Como es normal todo esto sucedía antes de la ley antitabaco que ha vaciado algunos locales.
Porque existían y se mantenían aquellos sitios, escondidos arriba de las escaleras, donde una nube acompañaba a los largos cafes que, como si fuera una mariconada de domingo, contenían un chorrito de Baileys o una gota de coñac.
Ahora ya no hay sitio para aquel viaje sideral del pequeño saltamontes, que es la canción que explica con un mayor lujo de detalles cómo hacer correctamente un porro.
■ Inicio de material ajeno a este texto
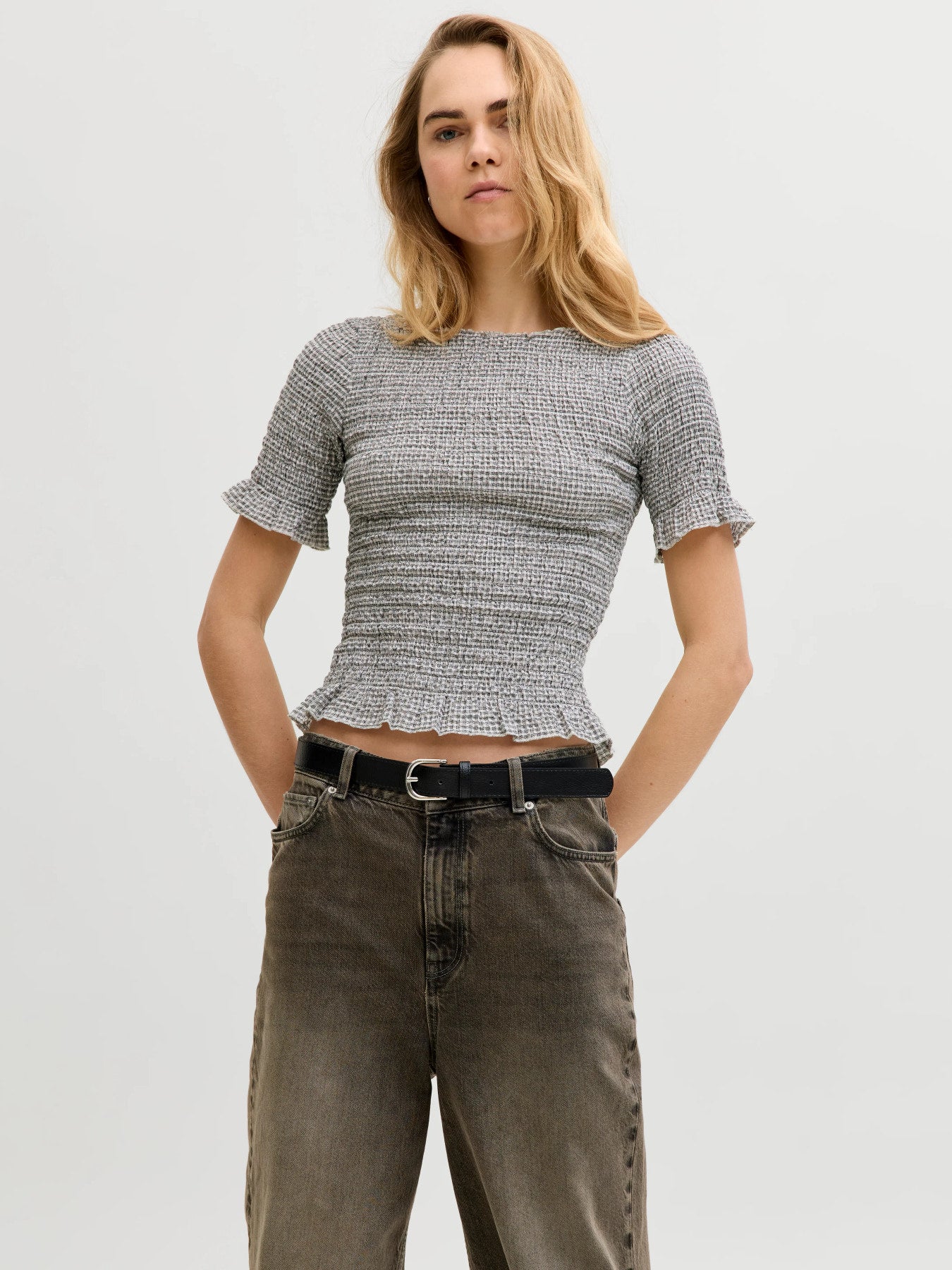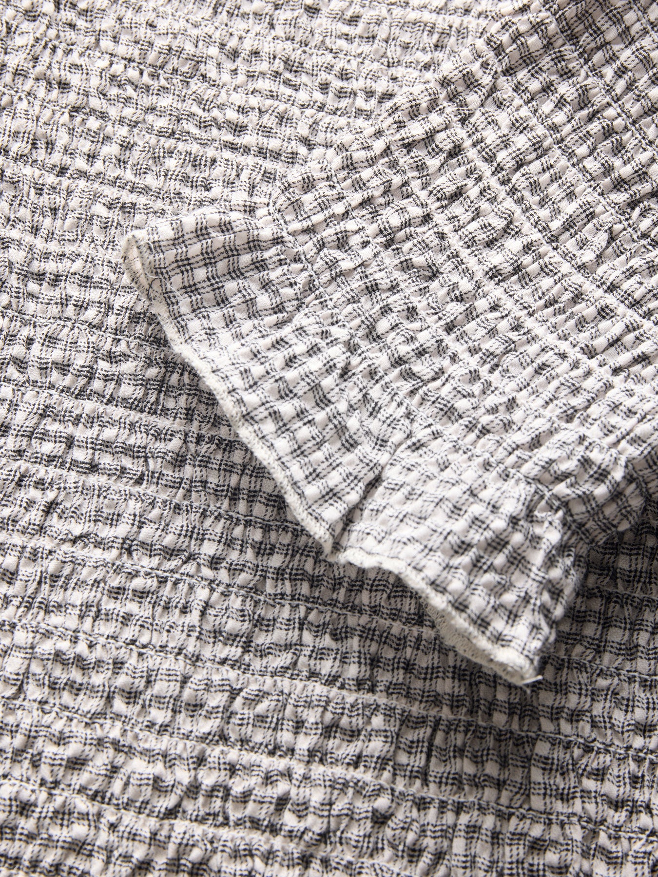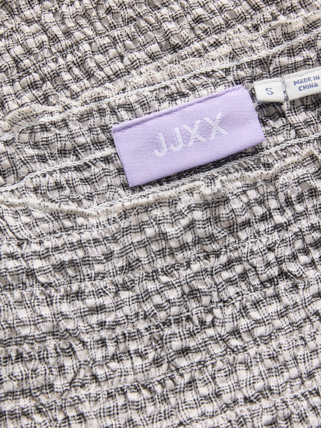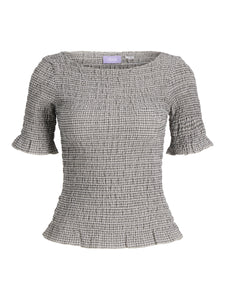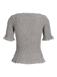 Wit met zwart geruite smock top met korte mouwen en een wijde hals.

Siempre he pensado que las drogas de los que nos acercamos sospechosamente a los 40 no se parecen a esas substancias diseñadas en un laboratorio para poder aguantar más horas o para poder beber más copas como si la cantidad de horas de fiesta sea sinónimo de haberlo pasado mejor. Nuestras drogas nos dejaban sonrientes, serenos, sosegados como si no pasara nada o como si los abrazos fueran gratis. Una novia que tuve me decía que cuando más le gustaba era con ese punto de oso amoroso que me daba después del primer cigarro (que me fumaba después). Aquello me lo dijo sentados en la playa hace más de 15 años mientras yo me quedaba absorto mirando sus ojos. Ahora ves salir a los chicos de los pantalones gastados, gafas y gorras que se abrazas a las chicas de ropas ajustadas de sus locales after el domingo por la mañana como si les hubieran atacado con una pistola taser hace diez minutos.
De la misma manera que nuestros padres disfrutaban de las largas sobremesas con un puro eterno que pinchaban con un palillo para hacer circular el aire, los bares donde dejarse poseer por el humo son los grandes damnificados de esta cruzada a favor de la salud pública y contra nuestros pequeños vicios.
Y vicios tenemos todos. Aquel era un vicio de domingo.
La última vez que pisé aquellas mesas en la planta superior (que estaba casi vacía) olía a detergente y a madera húmeda. Tomé una cerveza en vez de un café y no salí con aquella sonrisa tonta que te adormece el resto del domingo. Llegué a mi casa, entrené un poco, hice un puré sanísimo y me metí pronto a la cama añorando aquellos días en los que me perdía mirando a los ojos con la sensación de tranquilidad que se impregnaba en mi ropa y con ese punto de oso amoroso que me gusta tener cuando puedes arroparte con la complicidad de quien se sienta a tu lado y, con suerte, te abraza.
Eso pasaba allí donde solíamos fumar.